The only mandatory parameters are ''-MB'' and ''-MT'' to set the memory per node and total memory used for the benchmark respectively.
===== Example Output =====
Runnning mpirun -np 32 ./b_eff_io -MB 2048 -MT 81920 -noshared -rewrite -N 32 -T 60 -p /MY_fast_filesystem/MY_directory -f MYSYS_32pe_0060sec_noshared
results on in the following output on our test machine (saved in ''MYSYS_32pe_0060sec_noshared.sum'')
b_eff_io.c, Revision 2.1 from Dec. 12, 2001
MEMORY_PER_PROCESSOR = 2048 MBytes [1MBytes = 1024*1024 bytes, 1MB = 1e6 bytes]
Maximum chunk size = 16.000 MBytes
-N 32 T=60, MT=81920 MBytes, -noshared, -rewrite
PATH=/home/gresens/test, PREFIX=MYSYS_32pe_0060sec_noshared
system name : Linux
hostname : cluster
OS release : 3.13.0-76-generic
OS version : #120-Ubuntu SMP Mon Jan 18 15:59:10 UTC 2016
machine : x86_64
Date of measurement: Sat Mar 26 17:42:34 2016
Summary of file I/O bandwidth accumulated on 32 processes with 2048 MByte/PE
-----------------------------------------------------------------------------
number pos chunk- access type=0 type=1 type=2 type=3 type=4
of PEs size (l) methode scatter shared separate segmened seg-coll
[bytes] methode [MB/s] [MB/s] [MB/s] [MB/s] [MB/s]
-----------------------------------------------------------------------
32 PEs 1 1024 write 50.373 0.621 1.462 2.136 0.814
32 PEs 2 1032 write 60.067 0.662 1.909 1.582 0.695
32 PEs 3 32768 write 58.940 11.607 32.038 19.695 17.600
32 PEs 4 32776 write 61.503 16.008 34.560 21.868 13.998
32 PEs 5 1048576 write 82.490 89.902 113.474 92.407 83.098
32 PEs 6 1048584 write 82.964 84.907 105.175 80.906 82.537
32 PEs 7 16777216 write 109.741 111.965 113.723 109.800 109.211
32 PEs total-write 86.998 88.472 95.186 83.414 71.959
32 PEs 1 1024 rewrite 71.952 0.532 4.815 1.552 1.129
32 PEs 2 1032 rewrite 30.374 0.571 2.961 1.132 0.610
32 PEs 3 32768 rewrite 78.283 6.473 18.009 7.372 7.933
32 PEs 4 32776 rewrite 81.708 9.767 10.925 11.109 8.962
32 PEs 5 1048576 rewrite 51.444 27.174 110.536 44.736 48.128
32 PEs 6 1048584 rewrite 42.578 52.136 60.421 57.537 60.699
32 PEs 7 16777216 rewrite 76.624 63.918 107.528 78.295 85.087
32 PEs total-rewrite 64.469 49.024 70.673 50.648 53.845
32 PEs 1 1024 read 38.914 3.526 3.072 2.419 0.818
32 PEs 2 1032 read 37.997 1.154 4.093 2.984 0.953
32 PEs 3 32768 read 31.802 23.553 11.717 2.973 2.758
32 PEs 4 32776 read 39.174 28.625 14.161 11.857 9.168
32 PEs 5 1048576 read 70.816 49.608 40.960 31.331 31.057
32 PEs 6 1048584 read 77.031 77.107 77.181 25.288 27.258
32 PEs 7 16777216 read 50.218 41.240 84.615 71.739 78.096
32 PEs total-read 47.801 40.171 46.944 40.404 40.009
This table shows all results, except pattern 2 (scatter, l=1MBytes, L=2MBytes):
bw_pat2= 59.459 MB/s write, 76.267 MB/s rewrite, 37.815 MB/s read
(For gnuplot:)
set xtics ( '1k' 1, '+8' 2, '32k' 4, '+8' 5, '1M' 7, '+8' 8, '16M' 10)

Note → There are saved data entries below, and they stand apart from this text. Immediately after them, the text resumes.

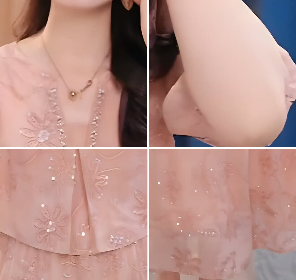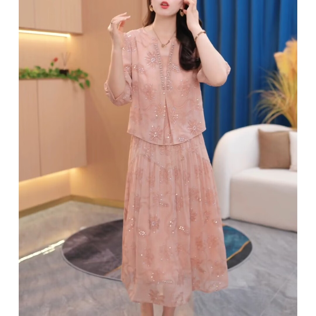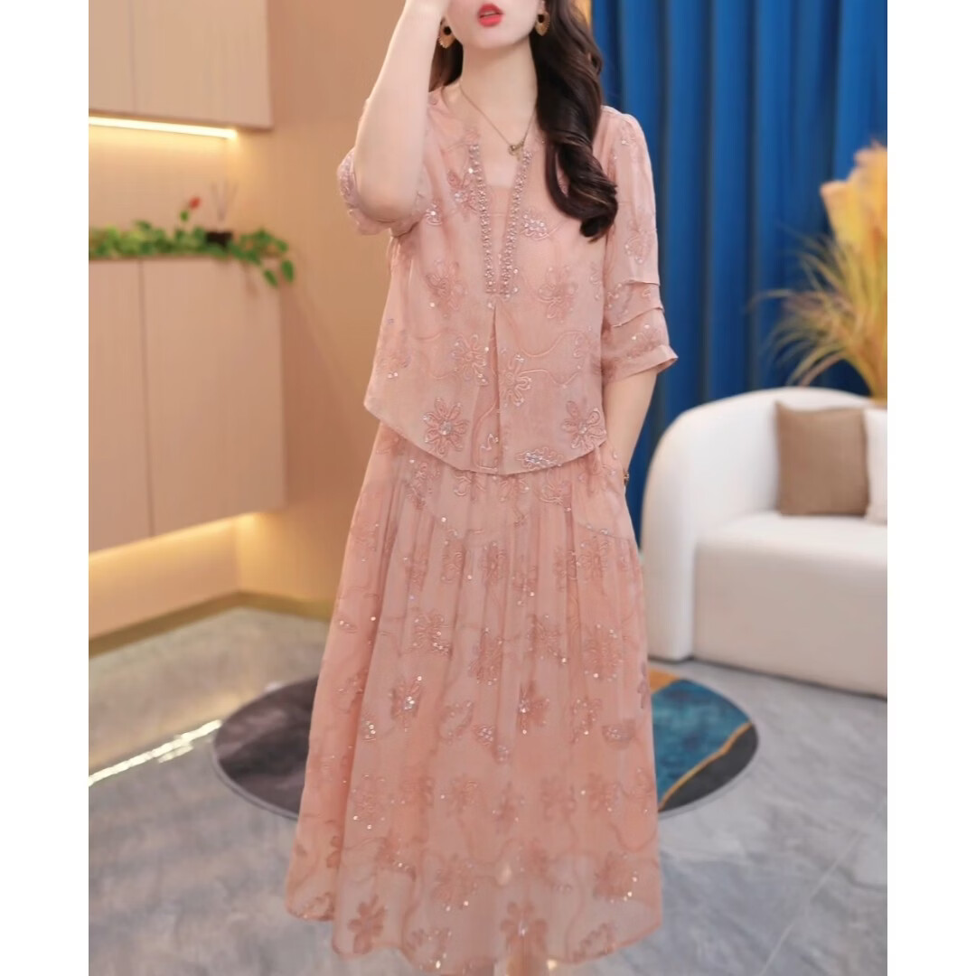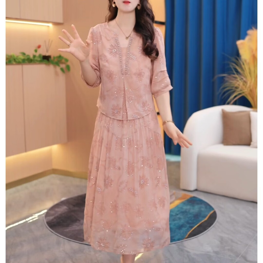 香影芬气质假两件刺绣连衣裙2026年夏季中年妈妈优雅减龄中长款粉色裙子 图片色 M (建议85-100斤)
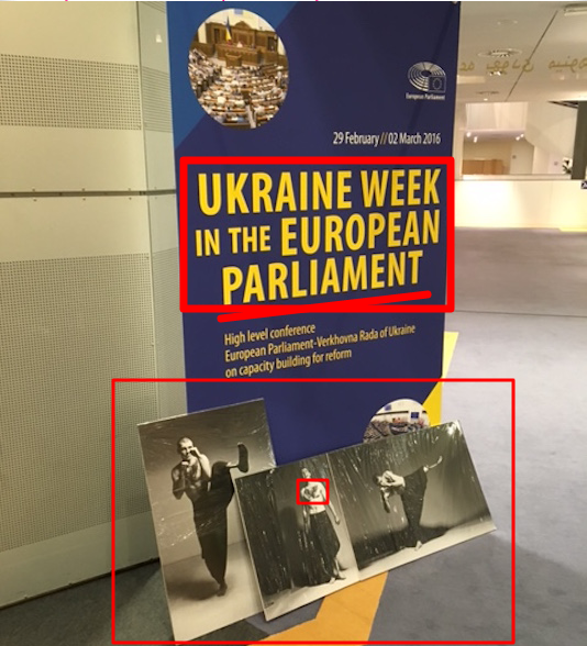 Как написал на своей странице в Facebook украинский политолог Владимир Корнилов, организаторы выставки в европейской столице безуспешно пытались скрыть скандальные фото.
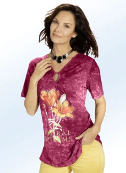 Shirt mit V-Ausschnitt und Fältelung in 2 Farben in Bordeaux-Batik und in Größe 36.
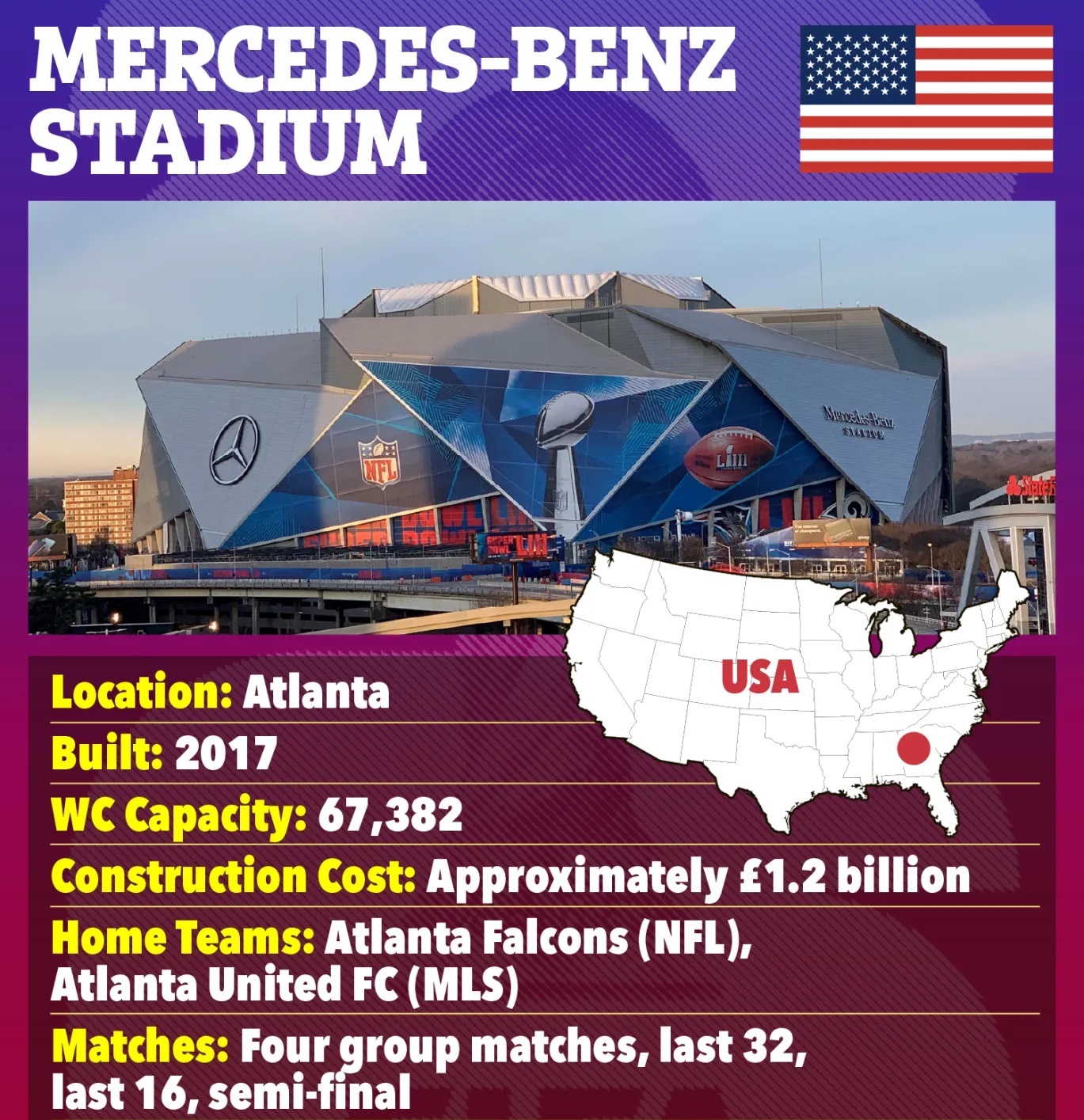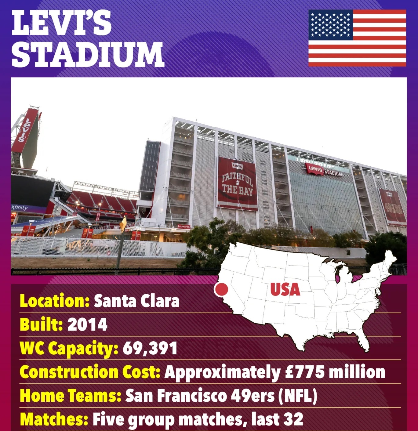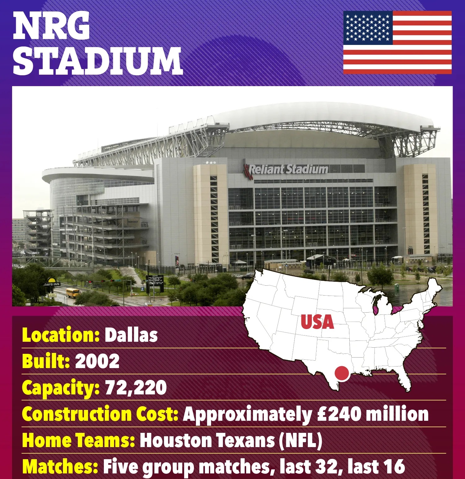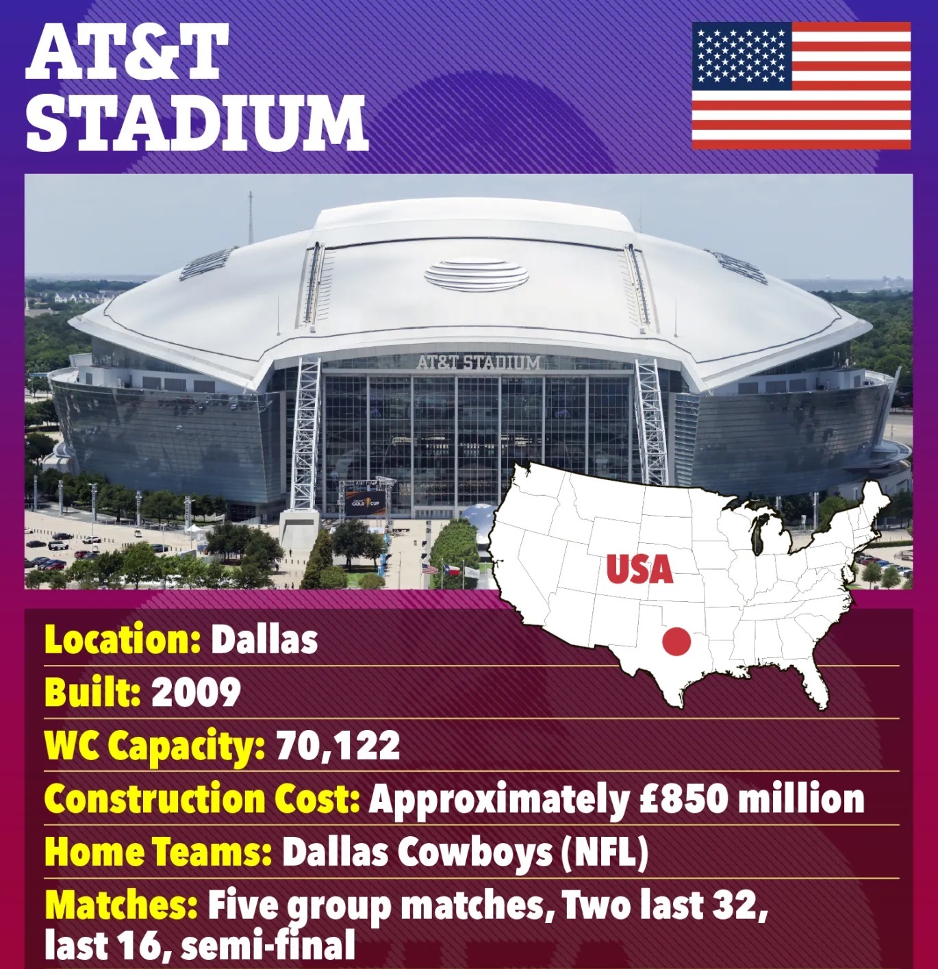 Staying in Texas and the AT&T Stadium in Dallas is the biggest venue being used this summer, with a capacity of 94,000 – but like with many NFL grounds, the changes to the pitch and configuration means the official Fifa capacity is significantly reduced.

set title 'Linux cluster 3.13.0-76-generic #120-Ubuntu SMP Mon Jan 18 15:59:10 UTC 2016 x86_64' -4
set label 1 'b_eff_io' at 10,50000 right
set label 2 'rel. 2.1' at 10,25000 right
set label 3 'T=1.0min' at 10,12500 right
set label 4 'n=32' at 10,6250 right
set label 5 'workaround for type 1:' at 10,0.50 right
set label 6 'individual file pointer' at 10,0.25 right
weighted average bandwidth for write : 85.504 MB/s on 32 processes
weighted average bandwidth for rewrite : 58.855 MB/s on 32 processes
weighted average bandwidth for read : 43.855 MB/s on 32 processes
(type=0 is weighted double)
Total amount of data written/read with each access method: 3516.800 MBytes
= 4.3 percent of the total memory (81920 MBytes)
b_eff_io of these measurements = 59.876 MB/s on 32 processes with 2048 MByte/PE and scheduled time=1.0 min
NOT VALID for comparison of different systems
criterion 1: scheduled time 1.0 min >= 30 min -- NOT reached
criterion 2: shared file pointers must be used for pattern type 1 -- NOT reached
criterion 3: error count (0) == 0 -- reached
Maximum over all number of PEs
------------------------------
b_eff_io = 59.876 MB/s on 32 processes with 2048 MByte/PE, scheduled time=1.0 Min, on Linux cluster 3.13.0-76-generic #120-Ubuntu SMP Mon Jan 18 15:59:10 UTC 2016 x86_64, NOT VALID (see above)
Output has been created using version 2.1.